Contract van rates took a $0.14 hit from November to December. This marks the most significant MoM decrease in contractual rates this year. On the other hand, spot rates jumped $0.02 MoM, from $2.38/mile including fuel on average to $2.40, according to DAT. This marks the first increase in DAT’s spot rate data since Jan. The slight jump is more than likely a peak season, pre-Thanksgiving Day push for last-minute shipments that ended up flooding the spot market.
The decrease in contractual rates makes sense when compared to the van outbound tender rejection index, which is basically the amount of freight being turned down by shippers who tender freight electronically. The current van rejection rate is sitting at 3.6% as opposed to almost 19% this time last year.
Freight outbound from the Midwest continues to carry the heaviest price tag at $2.65/mile on average, according to DAT, followed by the South, Southeast, and West all following suit at $2.29/mile. The cheapest outbound region? The Northeast, with a national average of $2.26/mile.
The most recent release of the LMI or the Logistics Manager’s Index came in at 53.6 this week.

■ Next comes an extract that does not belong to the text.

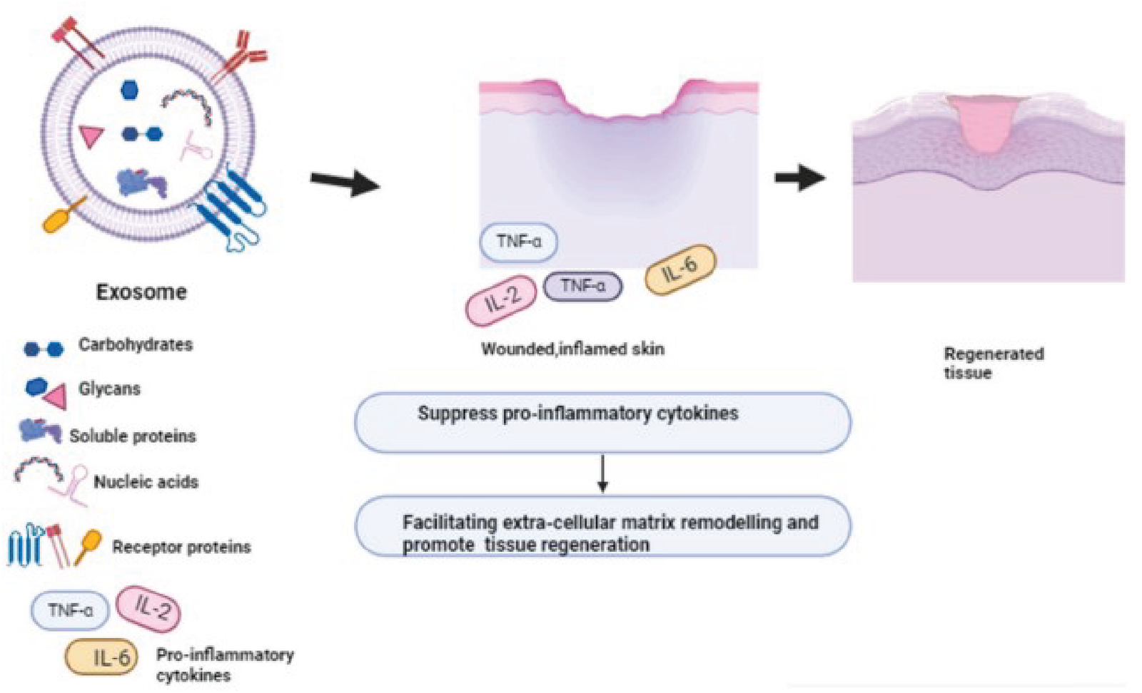 Eksosom merupakan kontributor berpengaruh dalam proses seperti angiogenesis, proliferasi sel, dan modulasi peradangan, menjadikannya menarik untuk terapi penyembuhan luka. -

The release is only 2.3 points away from its lowest reading set back in April 2020 at the very beginning of the pandemic. The LMI is a surveyed diffusion index that measures 8 supply chain-related indicators such as transportation prices, warehouse capacity, inventory levels, etc.
Any reading over 50 represents expansion and anything below 50 represents contraction. The report made note this month that none of the tracked indicators within the index saw additional growth and that both transportation prices and warehousing capacity remained in contraction territory.
On a side note, since August of this year, the rate of contraction in warehouse capacity has steadily decreased from a 42.3 reading to its most recent release at 46.8. Transportation prices on the other hand, have deteriorated significantly as far as the LMI is concerned. Moving from an expansion rate of 89.7 back in March to its most recent reading of 37.4. Over the same period, transportation capacity moved out of contraction territory and into expansion mode, registering a 71.4 in November, very close to its all-time high.
The divergence between transportation capacity and prices supports the notion of a noticeable market shift, as it should due to the fact that when supply or capacity increases for an extended period of time and demand does not, the imbalance will create an opportunity for price deflation to occur.
This has been your Bridge Logistics Market Update for the week of Dec 5th, 2022.